# K&N Intake Gives The Car A More Aggressive Sound



## Patman (May 7, 2011)

First off let me start off by saying welcome to the forum. Congrats on installing the intake.


----------



## 2015LT2 (Jan 20, 2017)

I am thinking of doing this too. I could not decide between the "drop in", and the intake setup.


----------



## Boostpatrol (Jul 30, 2013)

Right on. Are you sure this belongs i the Gen 2 forum? I ask because nobody makes an intake for the new cruze yet. 

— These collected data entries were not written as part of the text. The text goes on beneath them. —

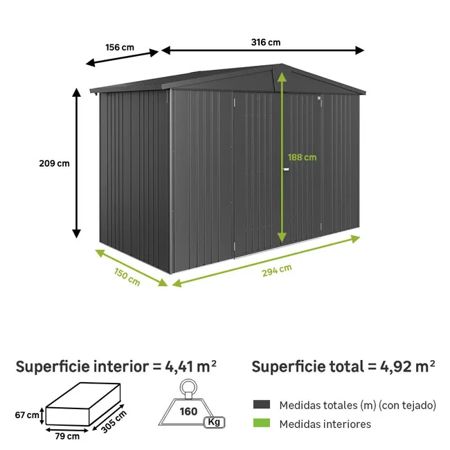 Caseta metálica Europa de 316 x 209 x 156 cm (ancho x alto x fondo) y 4,92 m² de superficie total. Fabricada en acero galvanizado en caliente con acabado resistente y sin mantenimiento. Cuenta con doble puerta batiente y cerradura con llave para mayor seguridad. Incluye estanterías versátiles, varios portaherramientas y sistema system-all integrado para mantener todo en orden y accesible. Espesor de pared de 0,5 mm para una alta durabilidad.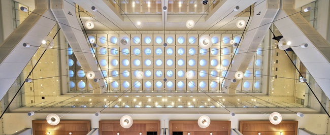 这个5500平方米的空间是由三个心房组成,其中一个是大型中庭(64米×16米,前四层较大)和南北两个较小的心房(16米×16米),并且高度就为建筑的高度,白天日光从上面屋顶露台上的天窗倾泻而下。随后的各楼层循环区域都会进入心房。从地面向上看,可以看到建筑物的釉面栏杆和开放式结构,还有一系列沐浴在自然光线下的长廊。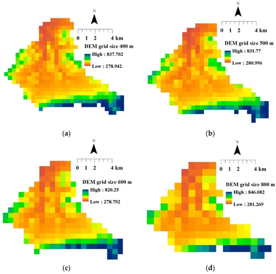 Spatial discretizations of the digital elevation model (DEM) of the Jičinka River catchment in the the Système Hydrologique Européen TRANsport (SHETRAN) model—grid sizes 400 (a), 500 (b), 600 (c) and 800 m (d).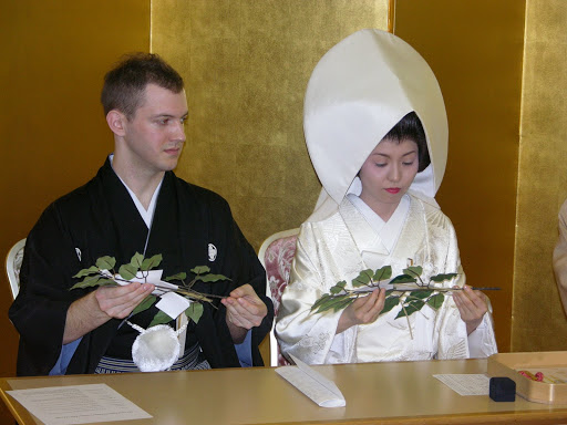 A cerimônia propriamente dita pode seguir preceitos religiosos diversos (budista, xintoísta e mesmo católico) e, sendo budista, terá lugar num templo próprio para o efeito. O xintoísmo, o mais comum no Japão, prevê a realização da cerimônia num templo ou em casa. Neste último caso, o casal usa kimonos de seda (branco para ela e preto para ele), bem como as convidadas: as mais jovens usam cores fortes e alegres e as mais idosas optam por cores mais escuras e sóbrias. A noiva é toda pintada de branco e, juntamente com o kimono, os chinelos próprios e as meias brancas, usa uma peruca enfeitada com ouro, flores e pérolas - simbolizando boa sorte.

Sent from AutoGuide.com Free App


----------



## Patman (May 7, 2011)

Boostpatrol said:


> Right on. Are you sure this belongs i the Gen 2 forum? I ask because nobody makes an intake for the new cruze yet.
> 
> 
> Sent from AutoGuide.com Free App


Great observation! I will be sure to ask and find out:


----------



## Patman (May 7, 2011)

Boostpatrol said:


> Right on. Are you sure this belongs i the Gen 2 forum? I ask because nobody makes an intake for the new cruze yet.
> 
> 
> Sent from AutoGuide.com Free App


Great observation! I will be sure to ask and find out: 

Steve-OH: You are correct the intake definitely makes the car sound better. Tell us a little about your Cruze. What year and trim level is it? I don't remember seeing an opening post for you. No problem, just want to be sure we have this in the correct section of the forum.


----------



## Blasirl (Mar 31, 2015)

Welcome Aboard! :welcome:


----------